Assessing the Sustainability Implications of Expansions and Innovations in Refrigerated Food Supply Chains

Abstract

Refrigeration transforms food systems. The global integrated refrigerated supply chain, or “cold chain,” impacts numerous sustainability outcomes, from energy consumption and greenhouse gas (GHG) emissions, to consumer diets and producer behavior. This dissertation seeks to understand refrigeration’s systems-level sustainability implications: first, how this technology influences environmental outcomes and human behavior, but also how adoption and use patterns feed back into how this technology impacts its users and the broader environment.
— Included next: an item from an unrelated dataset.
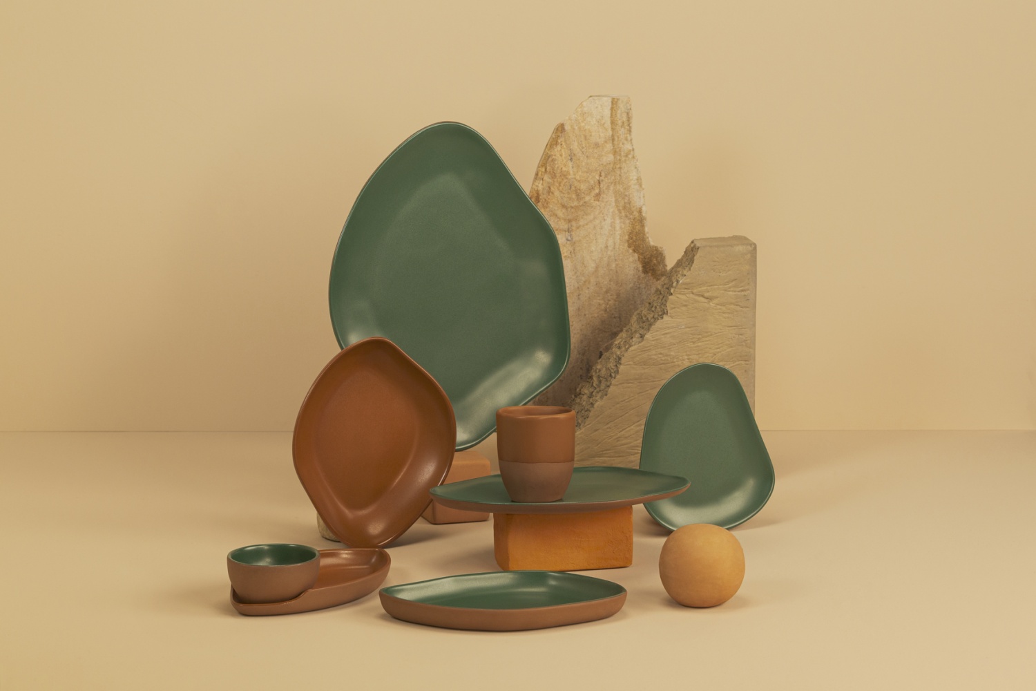 A coleção Odisseia é composta por 8 peças: prato, copo, travessa, tigela e petisqueira, com diferentes propostas de uso. As cores verde e caramelo decoram os produtos e compõem uma harmonia de tons terrosos, adicionando um toque de aconchego à coleção.

This dissertation begins by building an understanding of the current cold chain’s influence on sustainability. Chapter 2 reviews the existing literature on refrigeration, finding the cold chain remarkably understudied in the sustainability literature. One key environmental tension identified is the trade-off between GHG emissions added from cold chain operation, and the cold chain’s ability to decrease food loss. Chapter 3 compares changes in pre-retail GHG emissions from cold chain operation and food loss rate changes when introducing a refrigerated supply chain into the Sub-Saharan African food system. This study finds cold chain introduction resulting in a net GHG increase of 10% in a scenario reflecting a North American development scenario and 2% in a European development scenario. This analysis also models refrigeration’s influence on food demand and agricultural production: finding an increase of 10% over the baseline when modeling a North American diet, or a 15% reduction with a European diet. Given the substantial influence diet has on food system sustainability, Chapter 4 explores the particular role that refrigeration plays in consumer diet. This study moves beyond Chapter 3’s assumption of convergence to Western diets in development, using data from the Vietnam Household Living Standards Survey and a regression model to isolate the effects of refrigeration from socio-economic variables. In this case study, household refrigerator ownership is statistically significantly associated with lower consumption of starchy staple foods, nuts and seeds, and pulses; and higher consumption of meat and dairy.

Having investigated how refrigeration currently influences emissions and diet, this dissertation’s final chapters examine improvements and innovations in refrigerated supply chains. Motivated by a Chapter 3 finding that the cold chain adds more pre-retail emissions than it saves through food loss reduction, Chapter 5 assesses interventions to decrease cold chain emissions. This study builds a more-refined, process-based cold chain model, reflecting a fully-developed refrigerated food supply chain. The largest decreases result from decarbonized electricity, improved supermarket refrigeration systems, or reductions in pre-consumer food loss. The largest emissions reduction from a single intervention is 1.20 kg CO2e/kg (39%) for frozen fish supplied from using decarbonized electricity, and the largest from a tested combination is 1.61 kg CO2e/kg frozen fish from combining decarbonized electricity with a CO2NH3 supermarket refrigeration system. The final chapter assesses the environmental improvements offered by an innovation in the cold chain: meal kit services. Meal kits are pre-portioned ingredients delivered to consumers, circumventing brick-and-mortar retailing. This study finds average grocery store meal GHG emissions exceeding those for an equivalent meal kit by 33%. Reductions in food waste emissions are found to exceed emissions missions added through extra packaging, and that direct-to-consumer delivery provides additional emissions reductions.

This dissertation examines several key sustainability implications of cold chain expansion and innovation. The complex interactions between cold chain technology and consumer behavior underscores the need to take a systems perspective when examining sustainability outcomes from future food supply chain developments.